In this article, we will discuss 5 EV stocks that will benefit from the Climate Change Bill 2022. If you want to read about the details of the bill, go directly to 10 EV Stocks that Will Benefit from Climate Change Bill 2022.
5. Rivian Automotive, Inc. (NASDAQ:RIVN)
Number of Hedge Fund Holders: 29
Rivian Automotive, Inc. (NASDAQ:RIVN) is an Irvine, California-based EV company.
Experts expect certain variants of Rivian R1S SUV and Rivian R1T pickup trucks to be eligible for the extended tax credit proposed by the Climate Change Bill. Although only a few variants meet the eligibility criteria at the moment, Rivian Automotive, Inc. (NASDAQ:RIVN) is working on introducing lower-priced models before 2025 under the R2 range.

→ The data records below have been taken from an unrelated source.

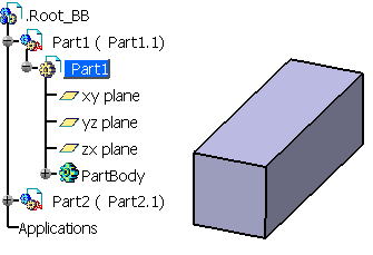 Modify a part. In the following example Part1 is
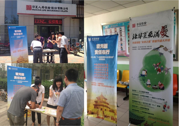 公司在7月8日设立总经理接待日,主动接待来访客户,倾听客户诉求,了解客户意愿,耐心讲解保险的意义与功用及相关知识,获得客户的认可和好评。同时,积极配合“7.8全国保险公众宣传日”活动宣传,在职场及服务场所等进行张贴宣传“爱无疆,责任在行——2014年7月8日全国公众宣传日”活动宣传海报、横幅、LED屏滚动播放及公司晨会宣导等方式,统一的宣传形象,提高客户接受和信任程度,助力行业公众宣传日活动开展。活动期间,公司工作人员冒着烈日在多个活动场所主动宣传保险知识,同时向参与活动的人员赠送最高保险金额20万元的“华夏宝”意外伤害保险,保障范围涵盖飞机、火车、客车及普通意外伤害,受到客户广泛好评。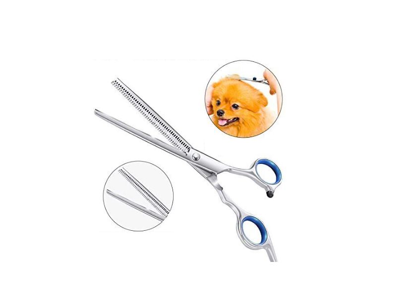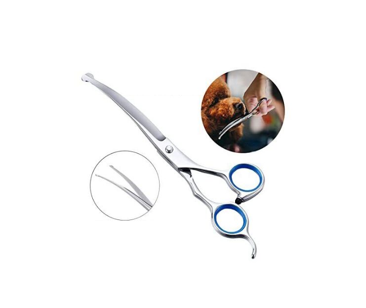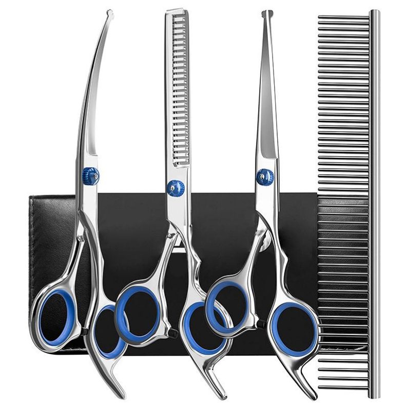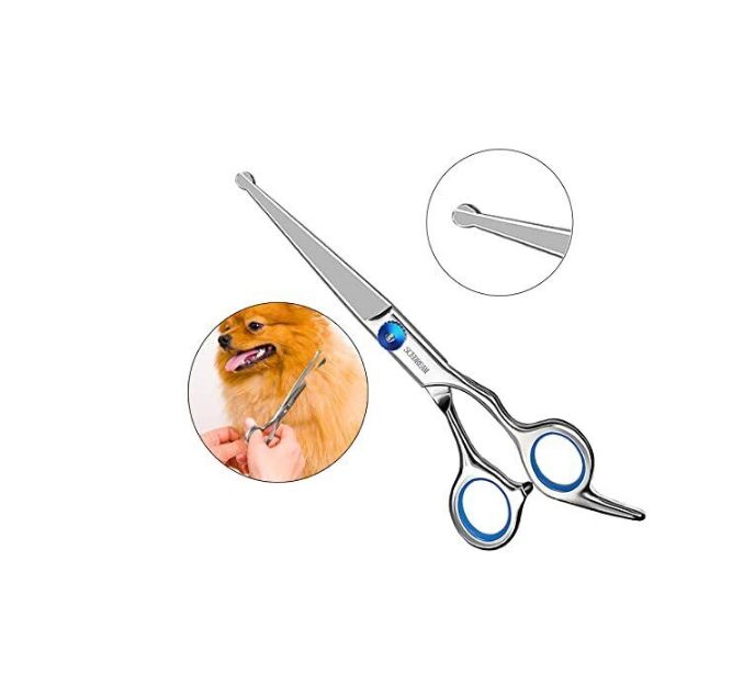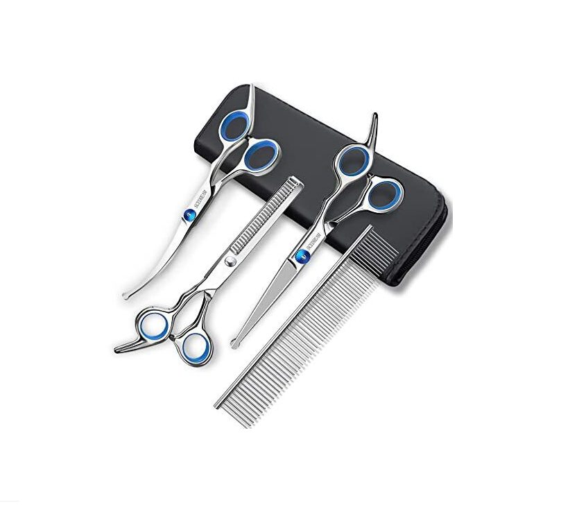 Set de foarfece pentru îngrijirea blăniei câinilor, cu vârfuri de siguranță rotunde din oțel inoxidabil.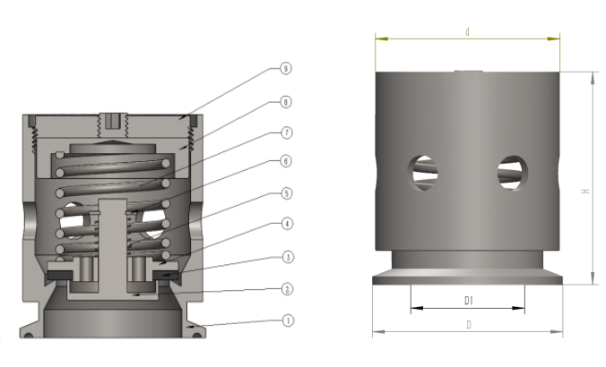 呼吸閥具備兩種功能,當壓力高于設(shè)定壓力(標準1BAR)時可以排氣,反之關(guān)閉,內(nèi)部設(shè)計調(diào)節(jié)壓力功能,外設(shè)計平型蓋加螺絲微調(diào)節(jié)功能。當管路系統(tǒng)中產(chǎn)生真空(標準-0.2BAR)時閥門自動打開,外界空氣進入容器內(nèi),防止容器吸扁。保證設(shè)備和相關(guān)儀表的保護作用,同時也可以滿足于各種生產(chǎn)工藝需求,該閥門不銹鋼材質(zhì),衛(wèi)生設(shè)計,滿足于各種食品加工,啤酒,飲料以及制藥等各種工業(yè)領(lǐng)域。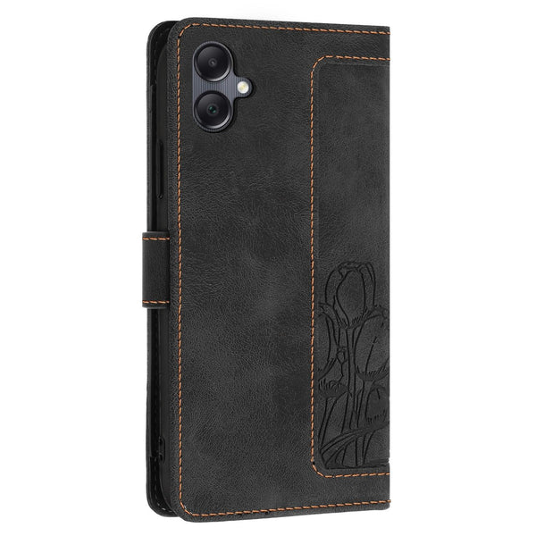 For Samsung Galaxy A06 4G Tulips Embossed Leather Phone Case with Lanyard(Black)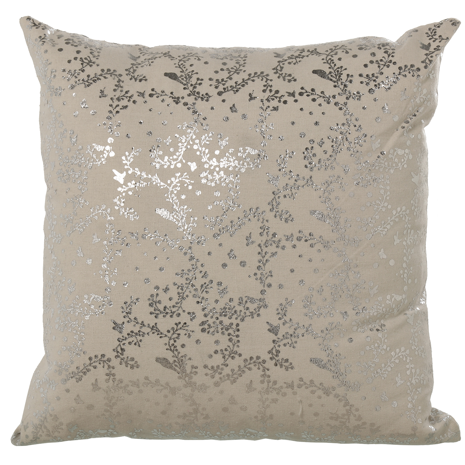 Cojín 45×45 cm poliester crema detalles plata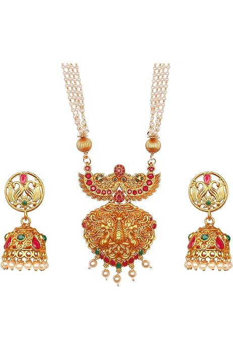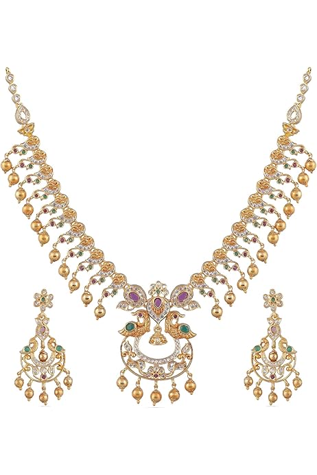 Amazon Com Tarinika Antique Panchi Gold Plated Indian Jewelry Set With Necklace And Earrings White Red Green Clothing Shoes Jewelry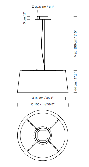 The GT1000 and GT1500 are voluminous pendant lamps with ribbon shades, especially designed for projects with expansive spaces. Both lamps feature a large translucent disc that hides the powerful dimmable LED plate and pleasantly diffuses the light. This is a colourful family that varies in size without altering its essence, creating rich luminous tones. With the light on, the shade provides a warm light, rich in nuances. With the light off, this lamp is a sculptural statement piece that enhances the room.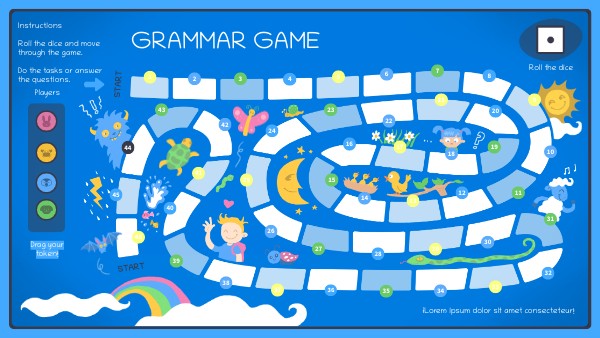 Instructions Roll the dice and move through the game. Do the tasks or answer the questions.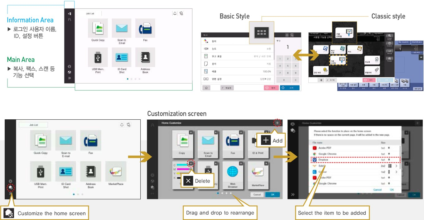 심플한 디자인의 새로운 GUI (Graphical User Interface)를 탑재하여 웹 브라우저를 기반으로 설계된 액정화면은 스마트폰이나 테블릿과 같은 조작성을 사용자에게 제공합니다. 사용 빈도가 높은 기능을 중심으로 화면 전환 및 원하는 기능을 손쉽게 디자인 할 수 있습니다.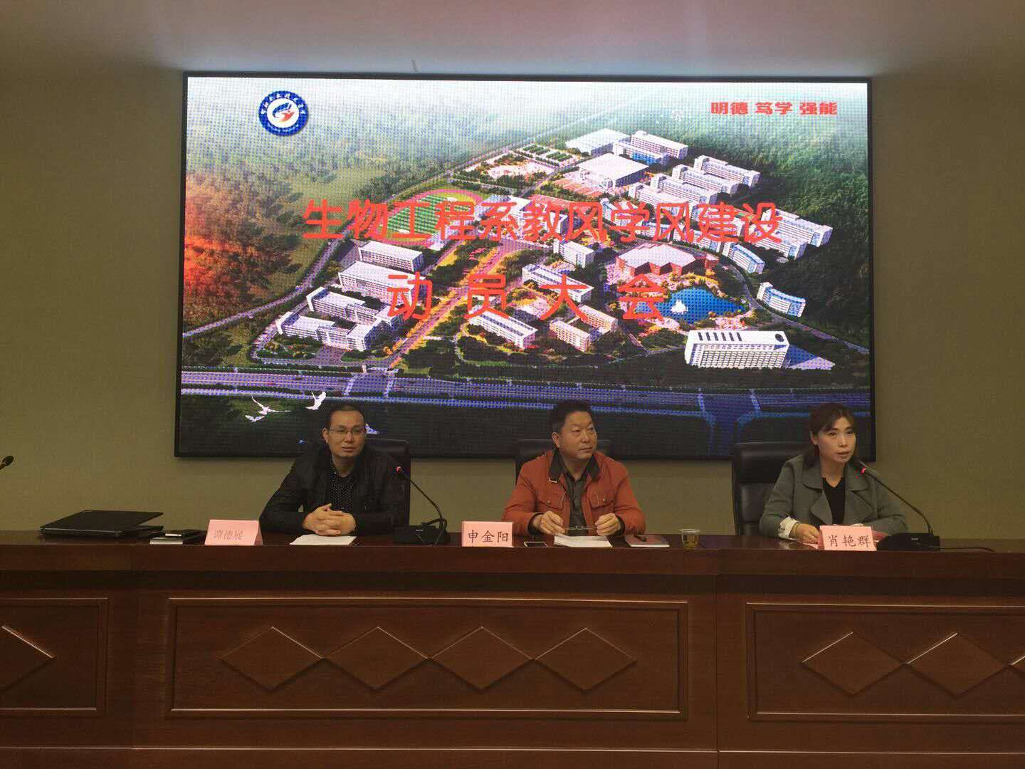 动员大会由系党总支书记肖艳群主持,系主任谭德展作《狠抓教风学风建设,力推我系内涵发展》主题发言,联系领导院纪委书记申金阳出席并讲话。此次大会标志着生物工程系“教师爱教,学生乐学”教风学风建设工作正式启动。(生物工程系)

Presently, Rivian Automotive, Inc. (NASDAQ:RIVN) has a manufacturing facility in Normal, Illinois. The company intends to open a second manufacturing facility near Atlanta, Georgia by 2025. The new facility will be focused on producing the more affordable R2 range. Like Fisker, Rivian Automotive, Inc. (NASDAQ:RIVN) has shown the willingness to enter into a buyer’s agreement to circumvent the impact of the Climate Bill on higher-priced models. Rivian Automotive, Inc. (NASDAQ:RIVN) is also expected to benefit from the CHIPS bill that will provide incentives worth billions of dollars to semiconductor makers in the US. Shortage of semiconductor chips has caused significant delays for EV companies like Rivian Automotive, Inc. (NASDAQ:RIVN).
Here’s what Baron Funds said about Rivian Automotive, Inc. (NASDAQ:RIVN) in its Q1 2022 investor letter:
“Rivian Automotive, Inc. designs, manufactures, and sells consumer and commercial electric vehicles. Shares of Rivian continued its volatile trading following the stock’s IPO in late 2021, declining 52% in the first quarter as investors rotated out of fast-growing long-duration stocks and as industrywide supply-chain issues delayed Rivian’s production ramp. In addition, even while other automotive companies raised prices due to inflationary pressures, Rivian launched a price increase campaign that was not well communicated and, as a result, was met with dissatisfaction by existing reservation holders. While this was an unforced error, the company quickly corrected course, reversing its decision to raise prices for existing reservations, while maintaining the increase on new buyers (which has not caused a material impact to demand). We retain conviction in the shares given management’s vision, Rivian’s product positioning, the company’s relationship with Amazon.com, and the company’s strong balance sheet, which will help it overcome the current challenges while taking advantage of the long-term opportunity as the market transitions to electric vehicles.”